11. ARCoati works for a selfish principal:
My cousin who teaches Kindergarten had a parent complain to the principal that she was “irresponsible” for being “selfish enough” to have a baby and take maternity leave before the end of the school year.
12. NanoAggression doesn’t tutor for free anymore:
Helped a friend pass calculus by tutoring him. His mom would come in and pray for him to pass sometimes, and I would just go with it to be polite. She goes to bed, and we go out to have a smoke. We come back inside, and she goes off the rails on me, yelling at me for enabling him and how all he does is waste his life and smoke. Saying he’ll never pass because he’s lazy and I’m a loser. How it’s my fault if he fails calculus for a third time.
Mind you, she asked for my help and I got paid next to nothing for all of this (the occasional dinner, $40 here and there…)
I was so furious that I walked over to the table and handed her a literal ream of calculus problems he had been working on with me from that semester. I skimmed a quarter inch of paper off the top and handed it to her. I dropped the rest on the table, and I calmly said, “all of his hard work is here, you can look through it. I’m not going to stand here and be abused, goodbye”.
His final was tomorrow. We had been at it for 5 hours that day, and our sessions would sometimes be longer. The kid was a trooper. I’ve never seen someone work so hard, and it was the only reason I tutored him for such shit compensation.
My revenge was that he passed. I no longer tutor for free.
13. _queen_frostine is responsible for all lice:
… that her child got lice in Elementary school. Apparently it was all my fault that her child got “infected”. This same parent complained to me that I was calling her child by a shortened version of her name (that the child asked me to use) instead of her full name.
I’m sure I have more, but those are just from this year.
Edit: I remember something that goes along with the lice part of the story. After they got the lice out, the mom was adamant that her daughter not be hugged by anyone, or that she shouldn’t get “too close” (but never specified what too close actually was for me to attempt to enforce) to the other kids, so that she does not get “infected” again. This is first grade. Trying to keep kids away from each other is like herding cats.
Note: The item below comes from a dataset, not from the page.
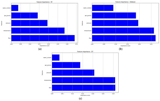 A feature importance analysis was conducted to assess the influence of the five input features (flow rate, temperature, pressure, gas specific gravity, and water content) on predicting the minimum methanol quantity required. This analysis elucidated each feature’s contribution to the predictive performance of the XGBoost, RF, and DT models, computed via scikit-learn and XGBoost libraries in PyCharm. Feature significance was derived from the models’ intrinsic properties, which ranked features based on their role in reducing prediction errors across tree splits [37]. KNN, lacking an inherent importance metric, was excluded from this evaluation.

14. bopeepsheep needs to teach more students to have natural talent:
I witnessed a parent complaining at the end of a primary school concert that it “wasn’t fair” that their child had no discernable musical talent, and that the school should stop giving instrument lessons to the kids who were keen or talented. I’ve never seen the music teacher genuinely speechless for so long.
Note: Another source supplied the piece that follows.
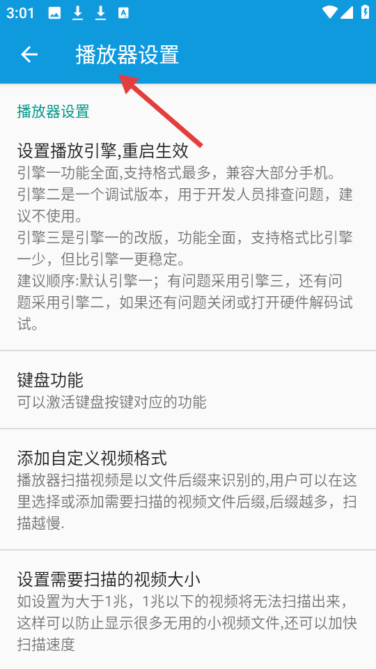 3、播放器設置詳細介紹播放引擎等設置功能,還涉及鍵盤功能、自定義視頻格式與掃描視頻大小設置。

15. varro-reatinus edits a paper:
I had a screaming parent in my office because of a marginal comment I made on an essay that had received a grade of 95%, submitted by a student who was top of the class.
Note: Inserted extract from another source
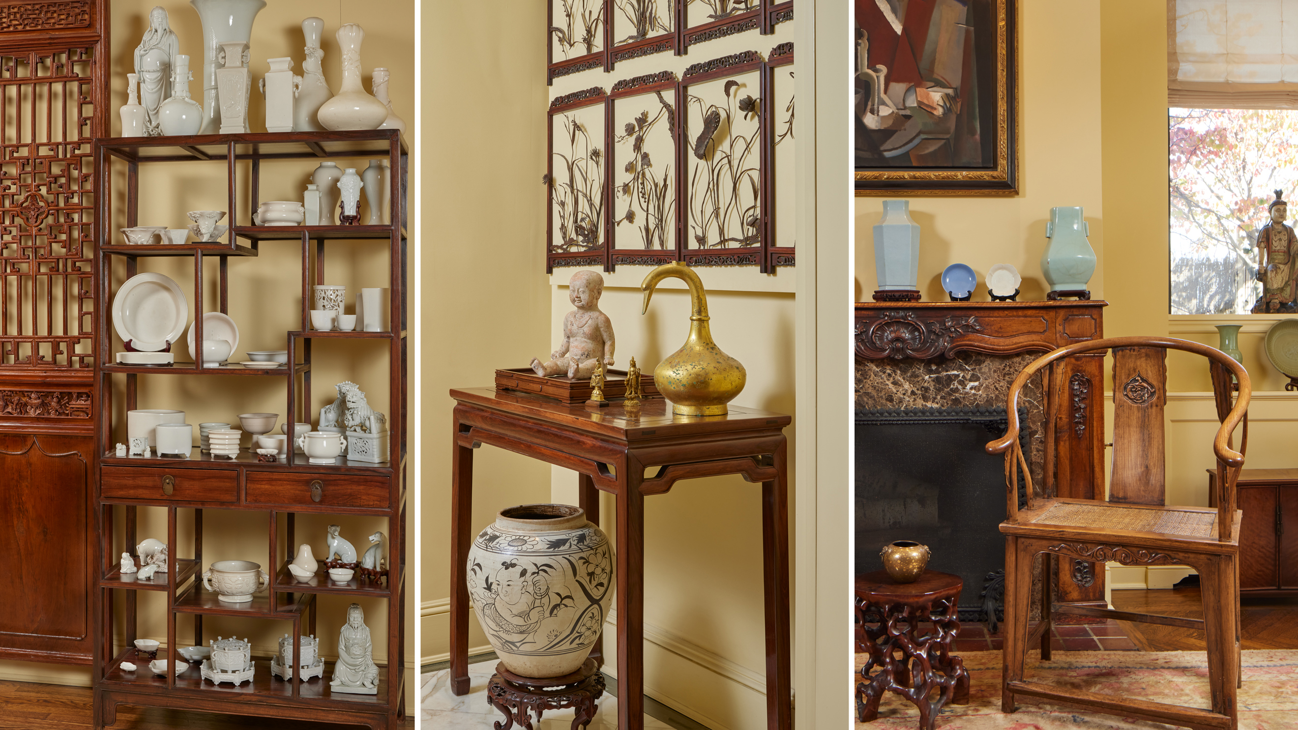 Her curation produced a dramatic effect in each room, such as the dining room filled with Qing dynasty Dehua porcelains. Named for the county in Fujian province where they were produced, these porcelains have a radiant white colour owing to the local characteristics of the clay, notably its low iron content.

The comment said, and I’m paraphrasing here, ‘This argument is unworthy of you. Don’t be lazy: find better sources and don’t hang your argument on idle assertions.’
The parent claimed I had called her daughter ‘lazy, idle, fat, suicidal, and unworthy of being a student at [INSTITUTION].’ She actually thought I was threatening to have her expelled, or at least barred from grad school.
The best part: the girl was a second-year undergraduate.
The next best part: it was an open office, and my colleagues were openly mocking her the entire time. I just sat there and said nothing. I miss those guys.
edit: just to be clear because of potential pronoun confusion, the female student had no problem with the comment, was absolutely mortified by what her mother had done, and seriously concerned that the interference would damage her academic career. I just laughed and told her I was even more impressed that she’d emerged intelligent and sane from a home environment like that, then asked if she needed any letters of reference. She did, and she got them. Her mother got a vaguely insulting note and a small tray of milk chocolates.